Introduction to Universal Hashing in Data Structure

Last Updated : 22 Feb, 2023

Universal hashing is a technique used in computer science and information theory for designing hash functions. It is a family of hash functions that can be efficiently computed by using a randomly selected hash function from a set of hash functions. The goal of universal hashing is to minimize the chance of collisions between distinct keys, which can lead to degraded performance in hash table operations.

In the traditional approach to hashing, a fixed hash function is used to map keys to an array index. However, if the distribution of keys is not uniform, collisions may occur frequently, causing the hash table to degrade into a linked list, which can severely impact performance.

Universal hashing attempts to solve this problem by choosing a hash function at random from a family of hash functions. The family of hash functions is designed to minimize the probability of collisions, regardless of the distribution of keys. By randomly selecting a hash function from the family for each new key, the chance of collisions is further reduced.

Universal hashing has several advantages, including:

It provides a high degree of randomness in the selection of hash functions, which reduces the likelihood of collisions.
It is simple to implement and can be used in a wide variety of applications.
It has a high degree of flexibility, allowing for easy modification of the family of hash functions to optimize performance for specific data sets.

However, there are also some disadvantages to using universal hashing, including:

It can be computationally expensive to generate a large number of hash functions.
The selection of hash functions must be done carefully to ensure they are truly independent.
It may not be suitable for all types of data sets, particularly those with complex or unpredictable distributions.
Some recommended books on universal hashing and hash tables include “Algorithms” by Robert Sedgewick and Kevin Wayne, “Introduction to Algorithms” by Thomas H. Cormen, Charles E. Leiserson, Ronald L. Rivest, and Clifford Stein, and “The Art of Computer Programming” by Donald E. Knuth.

Hashing is a great practical tool, with an interesting and subtle theory too. In addition to its use as a dictionary data structure, hashing also comes up in many different areas, including cryptography and complexity theory.

Universal Hashing refers to selecting a hash function at random from a family of hash functions with a certain mathematical property. This ensures a minimum number of collisions.

A randomized algorithm H for constructing hash functions h : U → {1,… ,M} is universal if for all (x, y) in U such that x ≠ y, Pr_h∈H[h(x) = h(y)] ≤ 1/M (i.e, The probability of x and y such that h(x) = h(y) is <= 1/M for all possible values of x and y).

A set H of hash functions is called a universal hash function family if the procedure “choose h ∈ H at random” is universal. (Here the key is identifying the set of functions with the uniform distribution over the set.)

Theorem: If H is a set of the universal hash function family, then for any set S ⊆ U of size N, such that x ∈ U and y ∈ S, the expected number of collisions between x and y is at most N/M.

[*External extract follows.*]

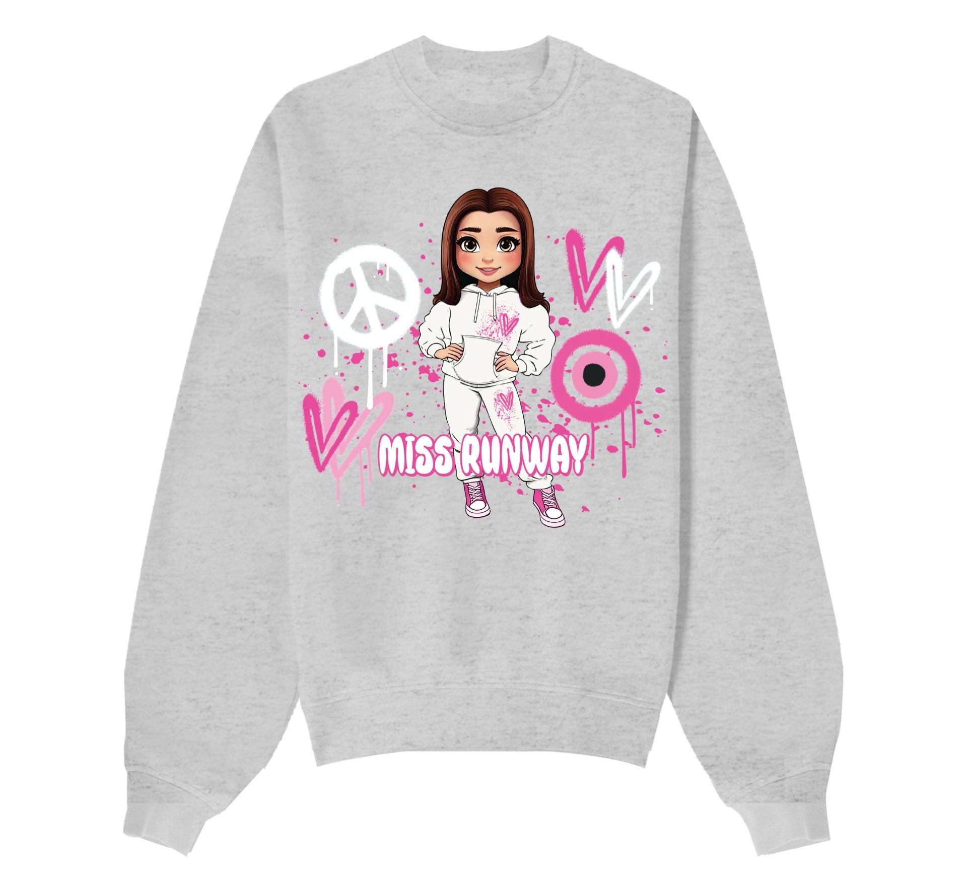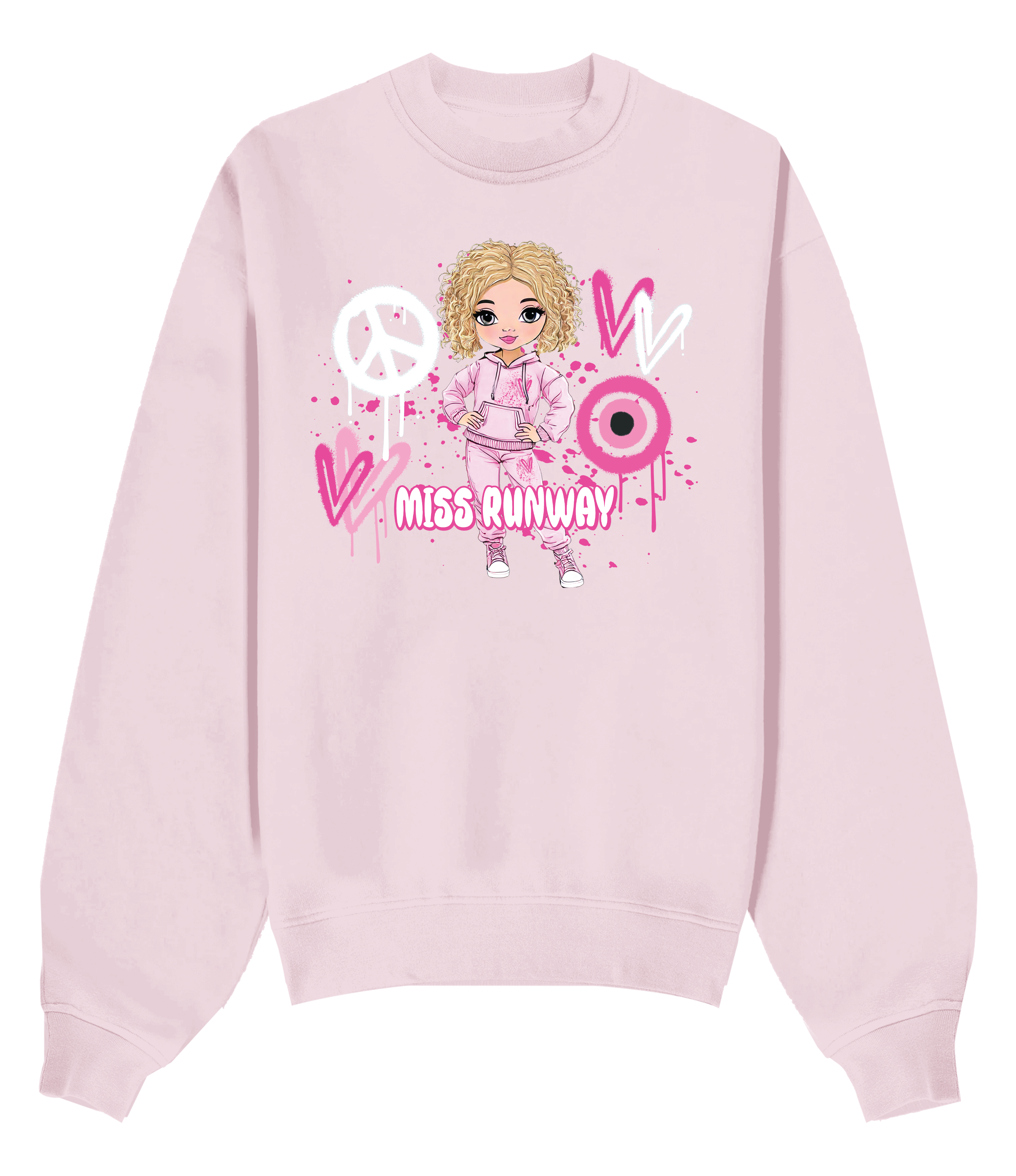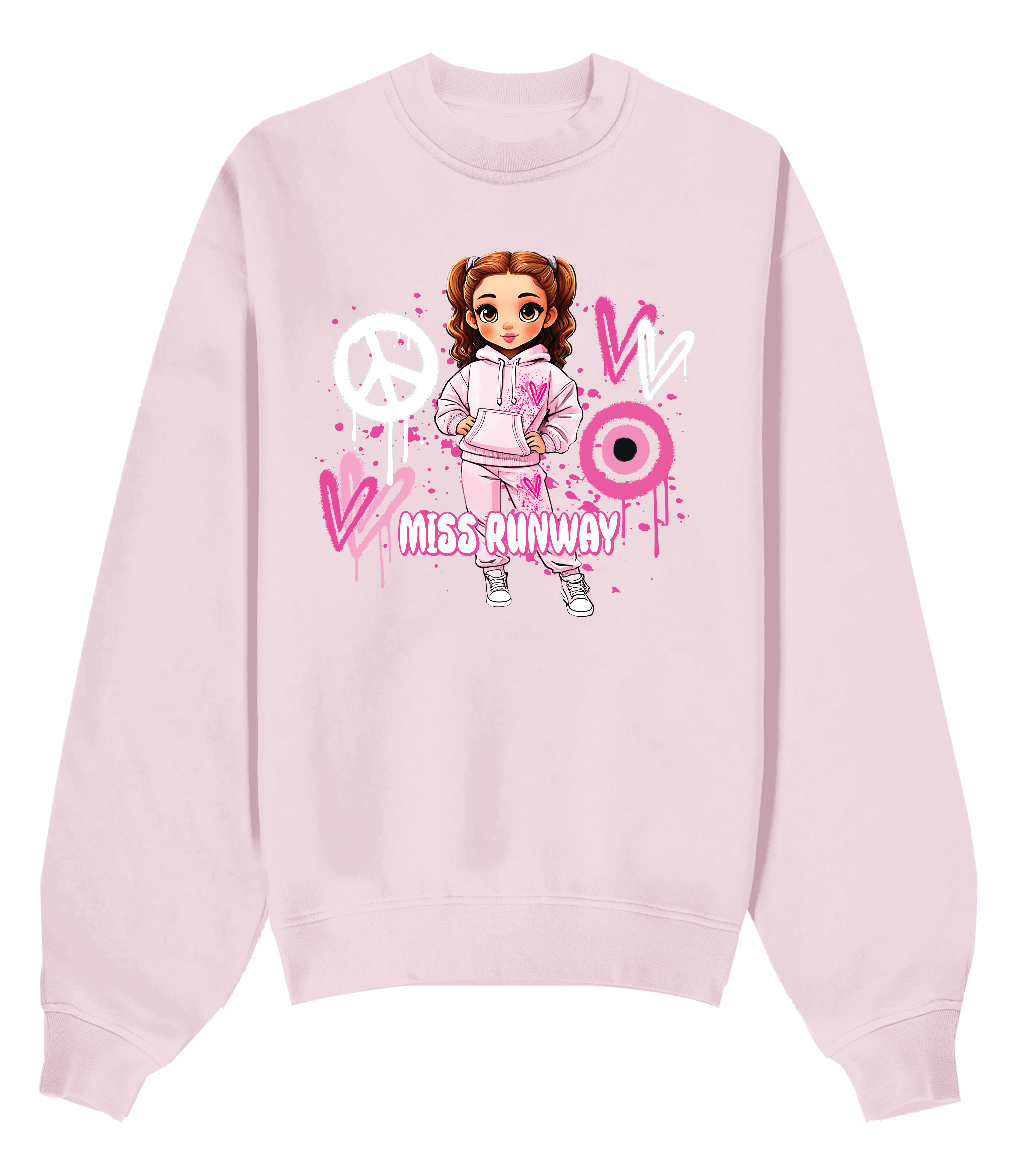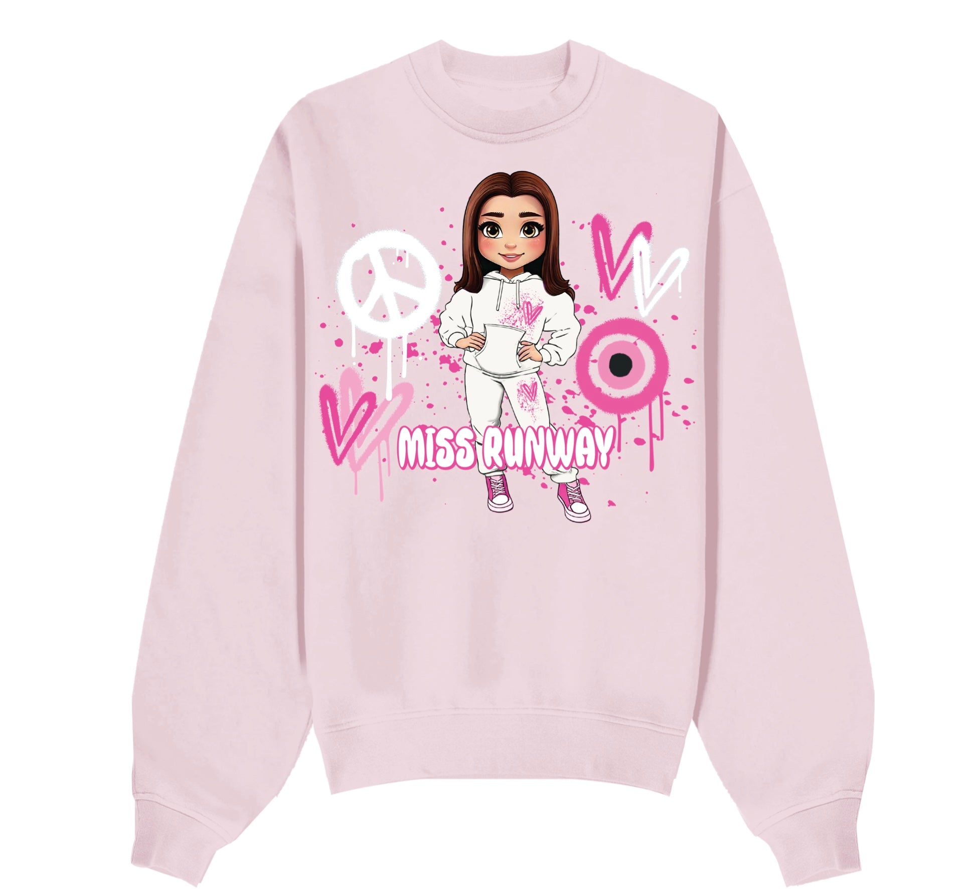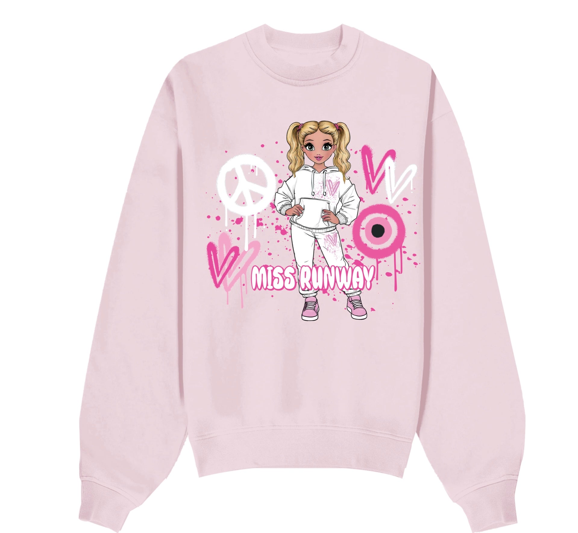 Miss Runway Doll Sweatshirt Pink Heart Design

Proof: Each y ∈ S (y ≠ x) has at most a 1/M chance of colliding with x by the definition of “universal”. So,

Let C_xy = 1 if x and y collide and 0 otherwise.
Let C_x denote the total number of collisions for x. So, C_x= ∑ _{y∈S, x≠y}C_xy_.
We know E[C_xy] = Pr[ x and y collide ] ≤ 1/M.
So, by the linearity of expectation, E[C_x] = ∑_yE[C_xy] < N/M.

Corollary: If H is a set of the universal hash function family, then for any sequence of L insert, lookup, or delete operations in which there are at most M elements in the system at any time, the expected total cost of the L operations for a random h ∈ H is only O(L) (viewing the time to compute h as constant).

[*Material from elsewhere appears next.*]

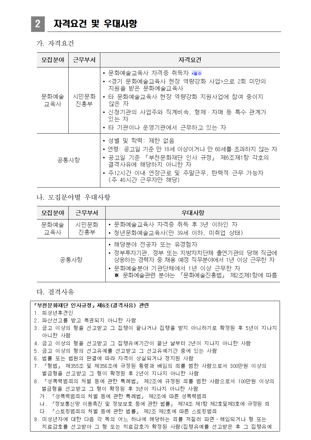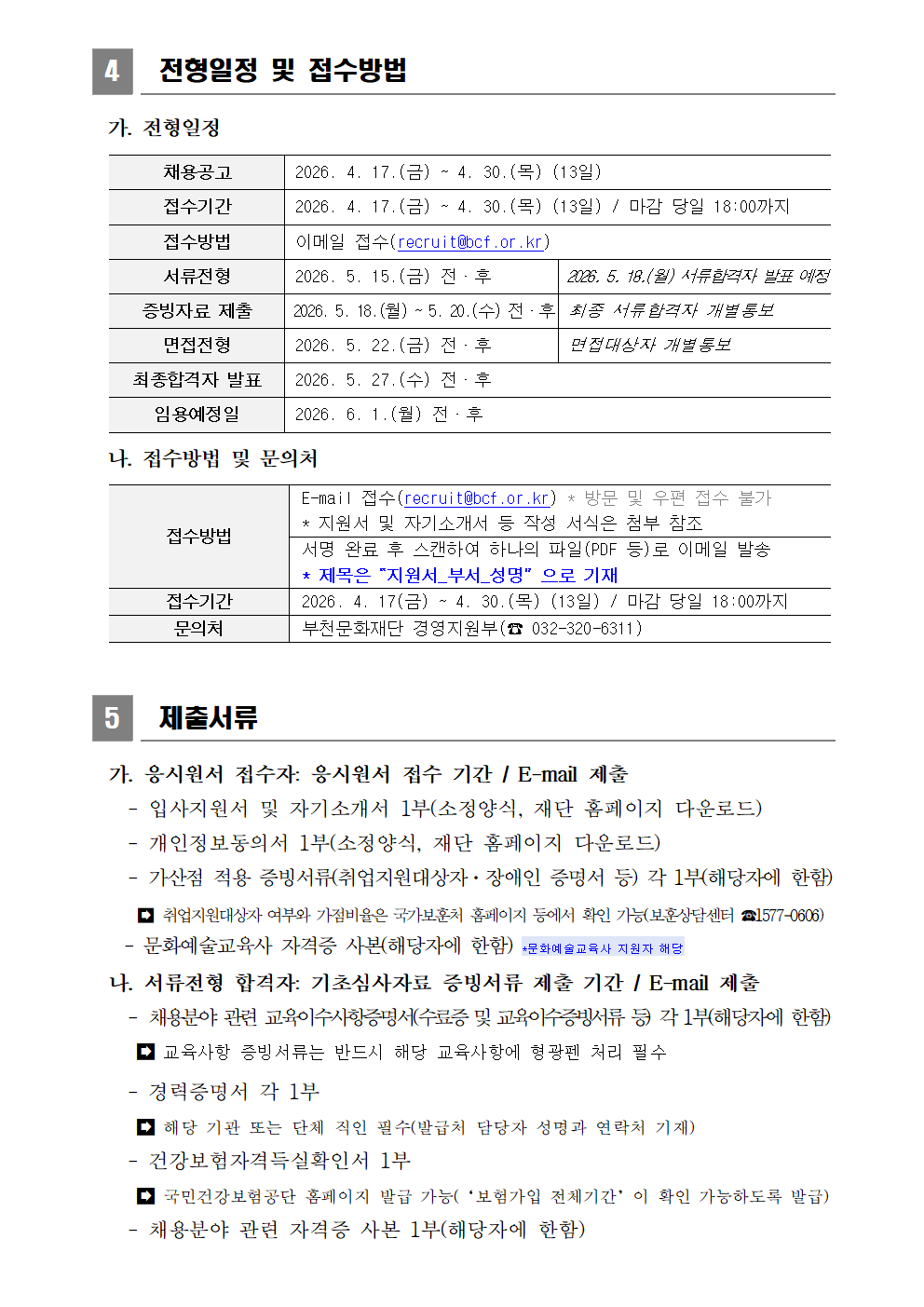 [공고 제 2026-42호] 2026년도 제2회 부천문화재단 공개채용(기간제근로자) 모집 공고 구분 채용 작성자 경영지원부 작성일 2026.04.17 조회수 275 파일 붙임1. 2026 제2회 부천문화재단_기간제근로자_채용공고(안).hwp 다운로드 붙임2. 입사지원서 및 자기소개서 등.hwp 다운로드 붙임3. 채용서류 반환청구서.hwp 다운로드 목록 이전 글 [공고 제2026-44호] 2026 시민미디어 활동지원 사업 최종심사 결과 안내

For any given operation in the sequence, its expected cost is constant by the above theorem. Therefore, the expected total cost of the L operations is O(L) by the linearity of expectation.

Constructing a universal hash family using the matrix method:

Let’s say keys are u-bits long and the table size M is the power of 2, so an index is b-bits long with M = 2^b.

What we will do is pick h to be a random b-by-u binary matrix, and define h(x) = hx, where hx is calculated by adding some of the columns of h (doing vector addition over mod 2) where the 1 bits in x indicate which columns to add. (e.g., the 1^st and 3^rd columns of h are added in the below example). These matrices are short and fat. For instance:

Now, take an arbitrary pair of keys (x, y) such that x ≠ y. They must differ someplace, let’s assume they differ in the i^th coordinate, and for concreteness say x_i = 0 and y_i = 1. Imagine we first choose all of h but the i^th column. Over the remaining choices of the i^th column, h(x) is fixed. However, each of the 2^b different settings of the i^th column gives a different value of h(y) (in particular, every time we flip a bit in that column, we flip the corresponding bit in h(y)). So there is exactly a 1/2^b chance that h(x) = h(y).